THE RECORDS:
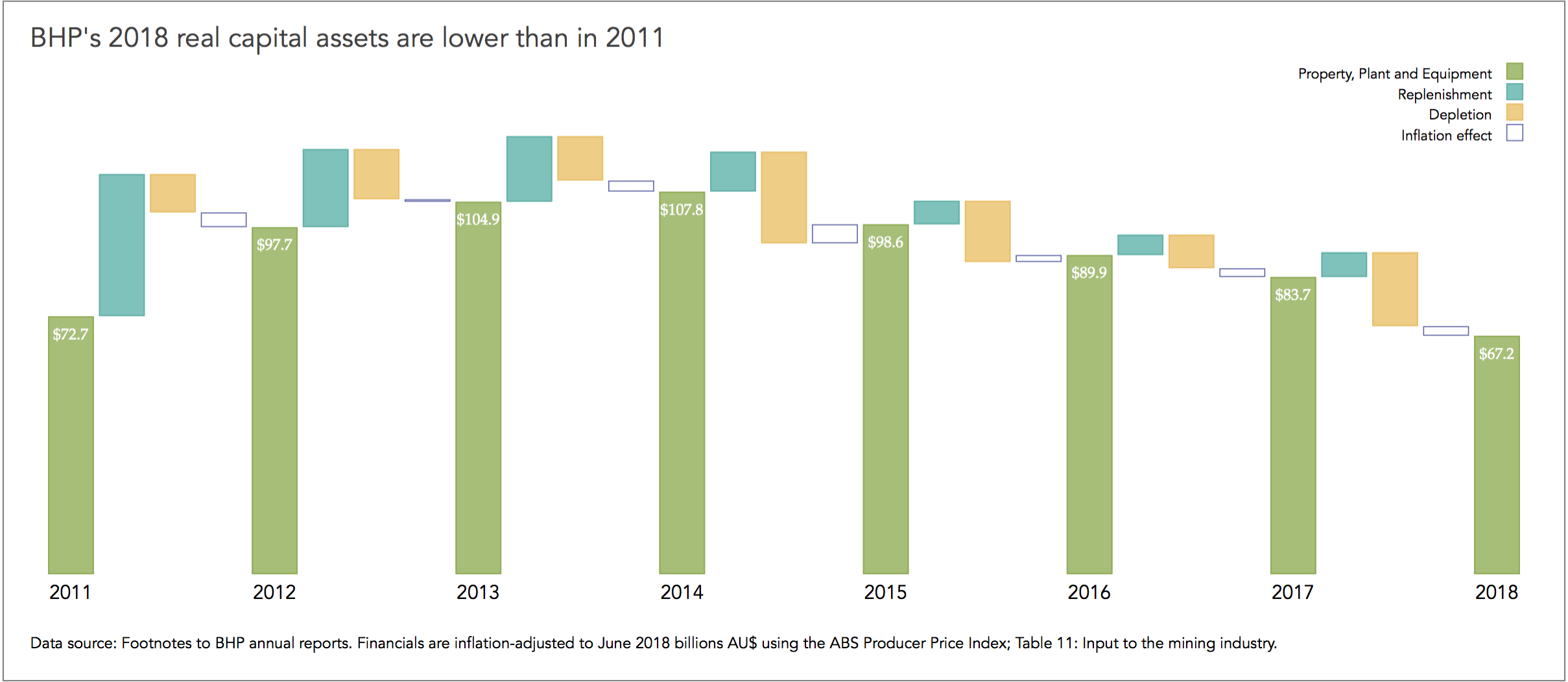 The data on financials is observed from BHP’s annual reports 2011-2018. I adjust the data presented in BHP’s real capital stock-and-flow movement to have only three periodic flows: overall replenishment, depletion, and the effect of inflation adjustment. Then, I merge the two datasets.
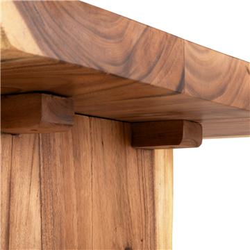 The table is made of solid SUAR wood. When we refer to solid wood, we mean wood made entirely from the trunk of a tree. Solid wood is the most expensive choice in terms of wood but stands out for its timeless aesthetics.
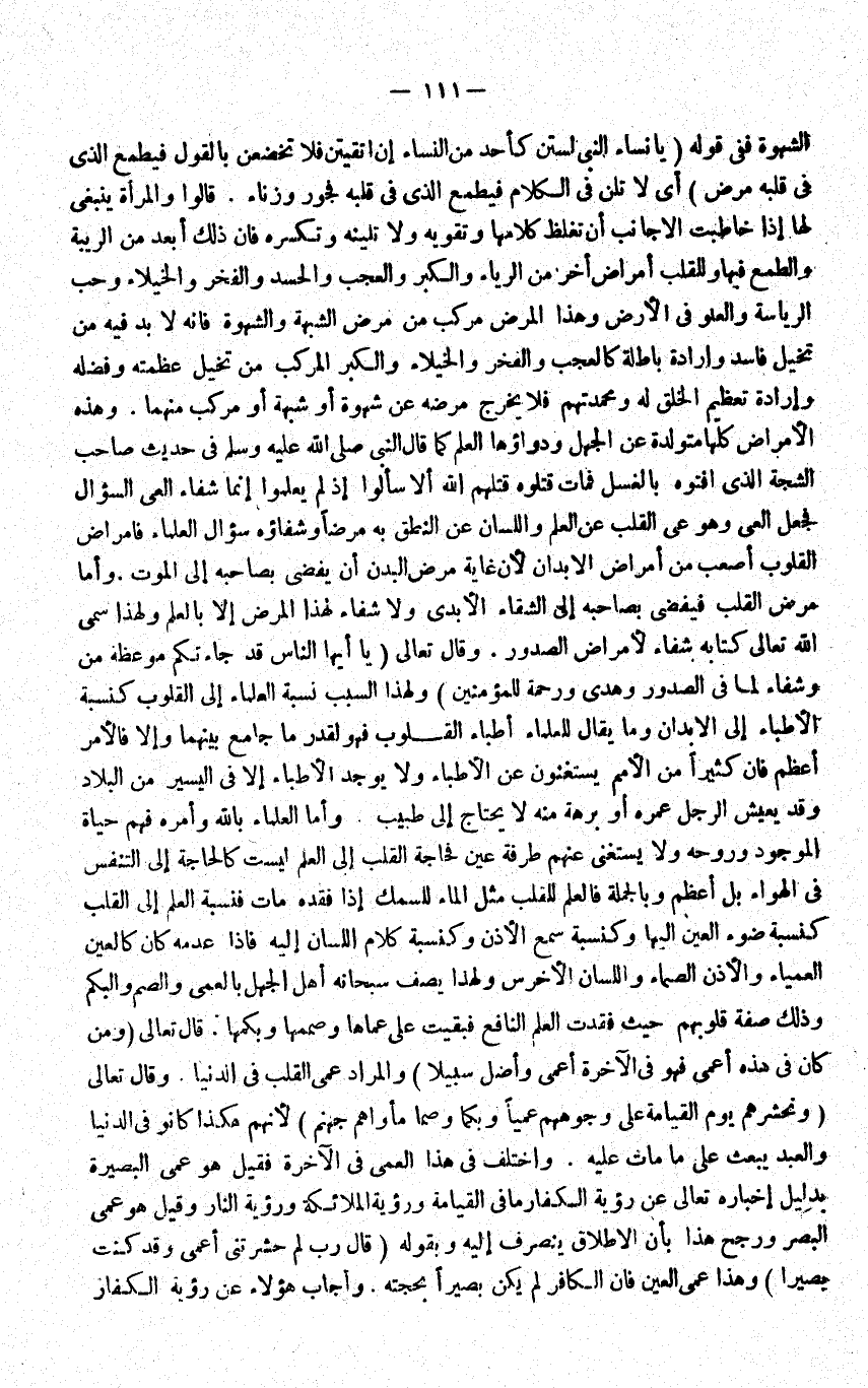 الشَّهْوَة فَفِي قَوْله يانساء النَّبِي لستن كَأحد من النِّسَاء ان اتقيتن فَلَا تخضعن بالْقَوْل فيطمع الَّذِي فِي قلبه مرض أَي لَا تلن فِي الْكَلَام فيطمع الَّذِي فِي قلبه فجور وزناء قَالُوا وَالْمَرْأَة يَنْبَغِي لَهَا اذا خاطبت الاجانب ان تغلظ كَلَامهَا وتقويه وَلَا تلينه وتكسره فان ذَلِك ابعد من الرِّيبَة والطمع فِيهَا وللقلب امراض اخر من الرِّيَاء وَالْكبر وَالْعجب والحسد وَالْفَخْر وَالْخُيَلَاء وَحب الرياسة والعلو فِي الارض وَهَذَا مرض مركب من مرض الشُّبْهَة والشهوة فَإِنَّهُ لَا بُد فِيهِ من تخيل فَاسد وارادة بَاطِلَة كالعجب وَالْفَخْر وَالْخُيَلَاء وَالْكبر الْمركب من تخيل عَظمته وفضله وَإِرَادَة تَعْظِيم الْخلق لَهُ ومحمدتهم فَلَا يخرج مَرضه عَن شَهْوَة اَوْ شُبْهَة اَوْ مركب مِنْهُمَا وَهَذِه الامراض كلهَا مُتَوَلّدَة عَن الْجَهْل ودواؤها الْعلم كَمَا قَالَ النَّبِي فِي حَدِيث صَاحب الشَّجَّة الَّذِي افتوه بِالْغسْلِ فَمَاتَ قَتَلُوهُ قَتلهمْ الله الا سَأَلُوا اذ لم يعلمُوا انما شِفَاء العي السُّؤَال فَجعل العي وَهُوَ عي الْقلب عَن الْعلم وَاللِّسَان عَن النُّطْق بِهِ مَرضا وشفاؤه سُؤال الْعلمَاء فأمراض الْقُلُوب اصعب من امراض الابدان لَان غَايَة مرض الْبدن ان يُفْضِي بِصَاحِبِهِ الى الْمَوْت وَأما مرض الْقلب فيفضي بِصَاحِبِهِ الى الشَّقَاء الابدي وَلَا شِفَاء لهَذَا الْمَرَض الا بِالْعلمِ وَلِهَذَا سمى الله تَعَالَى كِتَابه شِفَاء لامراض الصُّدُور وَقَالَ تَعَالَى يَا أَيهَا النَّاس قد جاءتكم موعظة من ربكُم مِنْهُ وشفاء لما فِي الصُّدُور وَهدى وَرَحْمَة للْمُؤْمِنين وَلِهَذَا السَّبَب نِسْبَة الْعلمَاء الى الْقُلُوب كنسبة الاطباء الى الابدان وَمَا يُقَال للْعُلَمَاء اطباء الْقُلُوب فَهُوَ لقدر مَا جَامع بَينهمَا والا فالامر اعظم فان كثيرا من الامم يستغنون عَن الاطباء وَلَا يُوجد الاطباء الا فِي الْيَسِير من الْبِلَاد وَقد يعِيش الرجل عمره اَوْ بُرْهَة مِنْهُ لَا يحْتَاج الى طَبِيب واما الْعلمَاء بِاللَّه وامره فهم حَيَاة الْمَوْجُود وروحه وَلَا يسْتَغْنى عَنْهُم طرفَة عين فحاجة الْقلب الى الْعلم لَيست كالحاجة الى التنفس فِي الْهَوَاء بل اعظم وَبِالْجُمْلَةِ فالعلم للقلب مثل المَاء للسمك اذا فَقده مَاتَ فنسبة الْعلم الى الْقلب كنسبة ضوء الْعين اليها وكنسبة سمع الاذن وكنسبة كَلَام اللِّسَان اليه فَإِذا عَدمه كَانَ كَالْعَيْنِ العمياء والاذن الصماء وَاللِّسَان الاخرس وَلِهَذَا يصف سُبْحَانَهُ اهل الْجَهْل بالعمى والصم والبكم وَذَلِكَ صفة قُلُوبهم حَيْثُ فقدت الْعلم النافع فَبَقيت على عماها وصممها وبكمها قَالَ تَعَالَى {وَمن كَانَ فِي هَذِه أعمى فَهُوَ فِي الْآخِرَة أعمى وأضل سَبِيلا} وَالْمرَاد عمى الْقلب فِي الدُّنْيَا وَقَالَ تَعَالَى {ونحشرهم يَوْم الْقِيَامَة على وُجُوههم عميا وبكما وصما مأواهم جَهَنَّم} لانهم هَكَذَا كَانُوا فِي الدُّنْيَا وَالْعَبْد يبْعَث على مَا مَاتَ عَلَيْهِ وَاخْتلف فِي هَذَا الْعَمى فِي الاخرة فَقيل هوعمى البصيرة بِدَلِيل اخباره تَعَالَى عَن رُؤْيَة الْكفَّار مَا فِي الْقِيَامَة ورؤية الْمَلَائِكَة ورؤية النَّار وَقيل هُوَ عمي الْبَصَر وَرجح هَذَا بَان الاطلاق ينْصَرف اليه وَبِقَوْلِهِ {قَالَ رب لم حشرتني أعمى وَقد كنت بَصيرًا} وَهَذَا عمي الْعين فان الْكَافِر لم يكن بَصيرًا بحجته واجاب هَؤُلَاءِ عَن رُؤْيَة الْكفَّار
...
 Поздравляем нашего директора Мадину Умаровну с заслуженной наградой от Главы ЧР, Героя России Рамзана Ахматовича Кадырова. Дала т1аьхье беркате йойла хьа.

WORK INSTRUCTION: Return only the part above that opens with the line containing "The data on" and closes with the line containing "The table is", exactly and with both ends, skipping the pictures.

REPLY TO THE EXERCISE:
 The data on financials is observed from BHP’s annual reports 2011-2018. I adjust the data presented in BHP’s real capital stock-and-flow movement to have only three periodic flows: overall replenishment, depletion, and the effect of inflation adjustment. Then, I merge the two datasets.
 The table is made of solid SUAR wood. When we refer to solid wood, we mean wood made entirely from the trunk of a tree. Solid wood is the most expensive choice in terms of wood but stands out for its timeless aesthetics.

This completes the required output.